> **What is expected**: Please repeat the lines below exactly. Begin with the line containing "قال: أي مسألة" and go on through the line containing "nr.71. //// M. //// ÅBO. ////".

> **Data extract**:
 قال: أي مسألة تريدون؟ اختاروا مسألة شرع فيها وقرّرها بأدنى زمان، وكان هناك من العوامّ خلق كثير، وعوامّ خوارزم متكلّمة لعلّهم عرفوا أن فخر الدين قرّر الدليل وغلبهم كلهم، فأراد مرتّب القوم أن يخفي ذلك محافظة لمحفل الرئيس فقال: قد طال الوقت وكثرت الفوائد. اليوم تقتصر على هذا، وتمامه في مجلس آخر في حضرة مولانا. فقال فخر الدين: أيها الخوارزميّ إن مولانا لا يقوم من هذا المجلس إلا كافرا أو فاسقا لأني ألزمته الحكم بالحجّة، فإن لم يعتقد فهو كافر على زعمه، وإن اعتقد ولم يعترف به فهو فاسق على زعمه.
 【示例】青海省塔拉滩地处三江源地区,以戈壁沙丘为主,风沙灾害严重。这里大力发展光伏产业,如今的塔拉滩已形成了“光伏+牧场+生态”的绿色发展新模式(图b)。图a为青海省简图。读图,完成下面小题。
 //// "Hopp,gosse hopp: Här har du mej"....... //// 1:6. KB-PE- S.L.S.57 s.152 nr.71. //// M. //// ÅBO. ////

...

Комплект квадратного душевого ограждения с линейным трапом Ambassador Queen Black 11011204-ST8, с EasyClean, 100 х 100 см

> **Answer to this problem**:
 قال: أي مسألة تريدون؟ اختاروا مسألة شرع فيها وقرّرها بأدنى زمان، وكان هناك من العوامّ خلق كثير، وعوامّ خوارزم متكلّمة لعلّهم عرفوا أن فخر الدين قرّر الدليل وغلبهم كلهم، فأراد مرتّب القوم أن يخفي ذلك محافظة لمحفل الرئيس فقال: قد طال الوقت وكثرت الفوائد. اليوم تقتصر على هذا، وتمامه في مجلس آخر في حضرة مولانا. فقال فخر الدين: أيها الخوارزميّ إن مولانا لا يقوم من هذا المجلس إلا كافرا أو فاسقا لأني ألزمته الحكم بالحجّة، فإن لم يعتقد فهو كافر على زعمه، وإن اعتقد ولم يعترف به فهو فاسق على زعمه.
 【示例】青海省塔拉滩地处三江源地区,以戈壁沙丘为主,风沙灾害严重。这里大力发展光伏产业,如今的塔拉滩已形成了“光伏+牧场+生态”的绿色发展新模式(图b)。图a为青海省简图。读图,完成下面小题。
 //// "Hopp,gosse hopp: Här har du mej"....... //// 1:6. KB-PE- S.L.S.57 s.152 nr.71. //// M. //// ÅBO. ////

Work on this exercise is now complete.